Per Galileo, i concetti di esperienza e verifica assumono un significato inconfondibile e originale:


- L'esperienza è frutto di una elaborazione teorico matematica dei dati, che si conclude con la verifica
empirica, ed è quindi ben diversa dall'esperienza ordinaria poiché può essere ingannevole e non ha valore
scientifico se non viene legittimata dall'esperimento
- l'esperimento è una procedura complessa volta a creare le condizioni necessarie affinché un certo
evento possa prodursi, lo scienziato è dunque costretto a creare condizioni su misura che spesso non
esistono nella realtà ma soltanto in laboratorio. Proprio per questo ricorre ai celebri esperimenti mentali in
cui ricorre una sorta di fisica ideale per formulare verificare le ipotesi.

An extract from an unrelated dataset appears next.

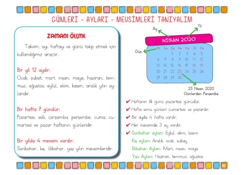 GÜNLERİ - AYLARI - MEVSİMLERİ TANIYALIM

 Galileo Galilei perviene quindi alla struttura concettuale che costituisce lo schema teorico della scienza
moderna, secondo il quale la natura è regolata da un ordine oggettivo e causalmente organizzato di
relazioni governate da leggi, e che la scienza è un sapere matematico sperimentale
intersoggettivamente valido.
Afferma che le opere della natura non possono essere giudicate con un metro puramente umano e non
dobbiamo cercare il perché la natura opera in un certo modo, ma soltanto come opera. Con ciò non intende
negare l'esistenza di finalità e di essenza ma semplicemente accantonarle, non essendo dato alla mente
umana di conoscerle.
Ribatte che lo scienziato deve occuparsi esclusivamente delle leggi che regolano i fatti.
Distingue tra proprietà oggettive e proprietà soggettive dei corpi di tipo atomistico democriteo: le
proprietà oggettive caratterizzano i corpi in quanto tali, mentre le proprietà soggettive esistono soltanto in
relazione ai nostri sensi.
Il metodo sperimentale di Galileo esige quindi una sorta di fiducia originaria dell'uniformità dell'ordine
naturale, e presuppone la convinzione che il comportamento dalla natura segua leggi necessarie e
immutabili.

Quanto alla fiducia nelle verità assolute della scienza, viene confortata mediante la teoria secondo cui
conoscenze umane e conoscenze divina risultino simili per grado di certezza, e quindi le verità
matematiche, ad esempio, sono vere sia per noi quanto per Dio.